While avoiding fines and liability should not be the only purpose of an anti-corruption programme, getting other members of the business on board with the programme is vital and generally requires multiple types of argument – from the positive business benefits to the negative avoidance of fines.
The dual trends of the United States Government extending its jurisdiction and greater cooperation between governments means that compliance officers need to build programmes that clearly target global risks.
It is important that businesses don’t try to structure using subsidiaries in order to avoid provisions of the FCPA. Firstly, this may have limited benefit (where liability may still fall on the parent), and secondly, such a structure itself may be seen as a negative factor when determining both the size of penalties and the type of settlement.
For the compliance programme, there needs to be a balance between allowing remote business units too much flexibility in interpreting and implementing policy (as with Bio-Rad) and having too much central oversight over the programme (such as Alcoa) thus increasing the likelihood that any subsidiary liability will attach to the parent.
Any FCPA due diligence programme should be designed to provide information that can actually help address the legal issues. For example, there should be a ‘mapping of the information’ to the legal position of whether an entity is a government instrumentality.

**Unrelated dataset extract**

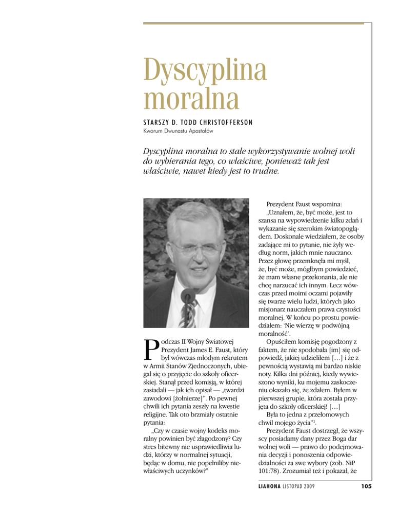 Dyscyplina moralna S TA R S Z Y D. TO D D C H R I S TO F F E R S O N Kworum Dwunastu Aposto∏ów Dyscyplina moralna to sta∏e wykorzystywanie wolnej woli do wybierania tego, co w∏aÊciwe, poniewa˝ tak jest w∏aÊciwie, nawet kiedy jest to trudne. P odczas II Wojny Âwiatowej Prezydent James E. Faust, który by∏ wówczas m∏odym rekrutem w Armii Stanów Zjednoczonych, ubiega∏ si´ o przyj´cie do szko∏y oficerskiej. Stanà∏ przed komisjà, w której zasiadali — jak ich opisa∏ — „twardzi zawodowi [˝o∏nierze]”. Po pewnej chwili ich pytania zesz∏y na kwestie religijne. Tak oto brzmia∏y ostatnie pytania: „Czy w czasie wojny kodeks moralny powinien byç z∏agodzony? Czy stres bitewny nie usprawiedliwia ludzi, którzy w normalnej sytuacji, b´dàc w domu, nie pope∏niliby niew∏aÊciwych uczynków?” Prezydent Faust wspomina: „Uzna∏em, ˝e, byç mo˝e, jest to szansa na wypowiedzenie kilku zdaƒ i wykazanie si´ szerokim Êwiatopoglàdem. Doskonale wiedzia∏em, ˝e osoby zadajàce mi to pytanie, nie ˝y∏y wed∏ug norm, jakich mnie nauczano. Przez g∏ow´ przemkn´∏a mi myÊl, ˝e, byç mo˝e, móg∏bym powiedzieç, ˝e mam w∏asne przekonania, ale nie chc´ narzucaç ich innym. Lecz wówczas przed moimi oczami pojawi∏y si´ twarze wielu ludzi, których jako misjonarz naucza∏em prawa czystoÊci moralnej. W koƒcu po prostu powiedzia∏em: ‘Nie wierz´ w podwójnà moralnoÊç’. OpuÊci∏em komisj´ pogodzony z faktem, ˝e nie spodoba∏a [im] si´ odpowiedê, jakiej udzieli∏em […] i ˝e z pewnoÊcià wystawià mi bardzo niskie noty. Kilka dni póêniej, kiedy wywieszono wyniki, ku mojemu zaskoczeniu okaza∏o si´, ˝e zda∏em. By∏em w pierwszej grupie, która zosta∏a przyj´ta do szko∏y oficerskiej! […] By∏a to jedna z prze∏omowych chwil mojego ˝ycia”1. Prezydent Faust dostrzeg∏, ˝e wszyscy posiadamy dany przez Boga dar wolnej woli — prawo do podejmowania decyzji i ponoszenia odpowiedzialnoÊci za swe wybory (zob. NiP 101:78). Zrozumia∏ te˝ i pokaza∏, ˝e L I A H O N A LISTOPAD 2009 105 aby osiàgnàç pozytywny rezultat, moralnej wolnej woli musi towarzyszyç moralna dyscyplina. Pod terminem „dyscyplina moralna” rozumiem samodyscyplin´ opartà na normach moralnych. Dyscyplina moralna to sta∏e wykorzystywanie wolnej woli do wybierania tego, co w∏aÊciwe, poniewa˝ tak jest w∏aÊciwie, nawet kiedy jest to trudne. To odrzucanie egocentrycznego ˝ycia na korzyÊç rozwijania charakteru godnego szacunku i prawdziwej 106 wielkoÊci, jakà si´ osiàga dzi´ki s∏u˝bie Chrystusowej (zob. Ew. Marka 10:42–45). Angielskie s∏owo dyscyplina ma ten sam rdzeƒ, co s∏owo disciple, czyli „uczeƒ”, co sugeruje, ˝e zgodnoÊç przyk∏adu i nauk Jezusa Chrystusa stanowi idealnà dyscyplin´, która, po∏àczona z Jego ∏askà, tworzy cnotliwego i moralnie znakomitego cz∏owieka. Moralna dyscyplina Jezusa zakorzeniona by∏a w Jego podporzàdkowaniu si´ Ojcu. WyjaÊni∏ Swoim uczniom: „Moim pokarmem jest pe∏niç wol´ tego, który mnie pos∏a∏, i dokonaç jego dzie∏a” (Ew. Jana 4:34). W ten sam sposób nasza dyscyplina moralna zakorzeniona jest w lojalnoÊci i oddaniu Ojcu i Synowi. To ewangelia Jezusa Chrystusa stanowi moralnà pewnoÊç, na której opiera si´ dyscyplina moralna. Spo∏eczeƒstwa, w których ˝yje wielu z nas, majà wi´cej ni˝ jedno pokolenie, któremu nie zaszczepiono dyscypliny moralnej. Nauczajà, ˝e prawda jest wzgl´dna i ˝e ka˝dy decyduje sam na w∏asne potrzeby, co jest w∏aÊciwe. Takie poj´cia, jak grzech czy z∏o zosta∏y pot´pione jako „osàdy wartoÊciujàce”. Jak opisuje to Pan, „ka˝dy cz∏owiek podà˝a w∏asnà drogà i za obrazem swego w∏asnego boga” (NiP 1:16). W konsekwencji, samodyscyplina zaczyna erodowaç, a spo∏eczeƒstwa sà zmuszone do podejmowania prób zaprowadzania porzàdku i ∏adu. Brak wewn´trznej kontroli ze strony obywateli rodzi zewn´trznà potrzeb´ kontroli ze strony paƒstwa. Pewien dziennikarz zauwa˝y∏, ˝e „d˝entelmeƒskie zachowanie [kiedyÊ, na przyk∏ad] chroni∏o kobiety przed ordynarnym zachowaniem. Dzisiaj oczekujemy, ˝e regulacje prawne dotyczàce napastowania seksualnego powstrzymajà ordynarne zachowanie. […] Policjanci i prawo nigdy nie zastàpià nawyków, tradycji i wartoÊci moralnych jako Êrodków regulujàcych ludzkie zachowanie. W najlepszym razie policja i system sàdownictwa karnego sà ostatnià rozpaczliwà linià obrony dla cywilizowanego spo∏eczeƒstwa. Wzrost naszego zaufania do praw, które majà regulowaç nasze zachowanie, jest miarà tego, na ile jesteÊmy cywilizowani”2. Na przewa˝ajàcych obszarach Êwiata doÊwiadczamy przed∏u˝ajàcej si´ i niszczàcej recesji ekonomicznej. Przyczyny tego sà wielorakie, lecz jednà z g∏ównych by∏a powszechna nieuczciwoÊç i nieetyczne zachowanie, szczególnie na rynku mieszkaniowym i finansowym w USA. Reakcje skoncentrowa∏y si´ na wprowadzaniu coraz wi´kszych i silniejszych regulacji. Byç mo˝e odwiedzie to niektórych od zachowania pozbawionego skrupu∏ów, lecz inni po prostu stanà si´ bardziej pomys∏owi w swych podst´pach3. Byç mo˝e, nigdy nie b´dzie wystarczajàcej liczby zasad tak precyzyjnie przemyÊlanych, by przewidzieç ka˝dà sytuacj´ i zabezpieczyç si´ przed nià, a jeÊli nawet by∏oby to mo˝liwe, egzekwowanie ich by∏oby prawdopodobnie kosztowne i ucià˝liwe. Takie podejÊcie prowadzi do ograniczenia wolnoÊci jednostki. Jak to wyrazi∏ w pami´tnej wypowiedzi Biskup Fulton J. Sheen: „Nie przyj´liÊmy jarzma Chrystusa, wi´c teraz musimy dr˝eç pod jarzmem cesarza”4. W koƒcu jest to jedyny wewn´trzny kompas moralny znajdujàcy si´ w ka˝dym cz∏owieku, który mo˝e skutecznie poradziç sobie zarówno z korzeniami, jak i symptomami upadku spo∏ecznego. Spo∏eczeƒstwa na pró˝no b´dà ustanawiaç podstawy wspólnego dobra, jeÊli grzech nie b´dzie nazwany grzech

This may now need to include factors relating to the role and function of government within the country, and whether the entity performs any specific questions of control.
Prepare for the best possible settlement outcome
As a NPA is still generally the preferred option for corporations to manage a negotiated settlement with the greatest certainty and least impact, it is important to be able to show that:
- the pre-existing compliance programme made a reasonable attempt to manage risks
- improvements were made to the programme during the investigation and negotiation process
- a high level of cooperation was provided
- the unique facts of the case (such as the length of time that the conduct was ongoing, the value of the gain, and whether internal processes were being followed or subverted) indicate that it is an isolated incident rather than a systemic failure.
In addition, showing that the compliance department is functioning properly will help to avoid the imposition of compliance monitors.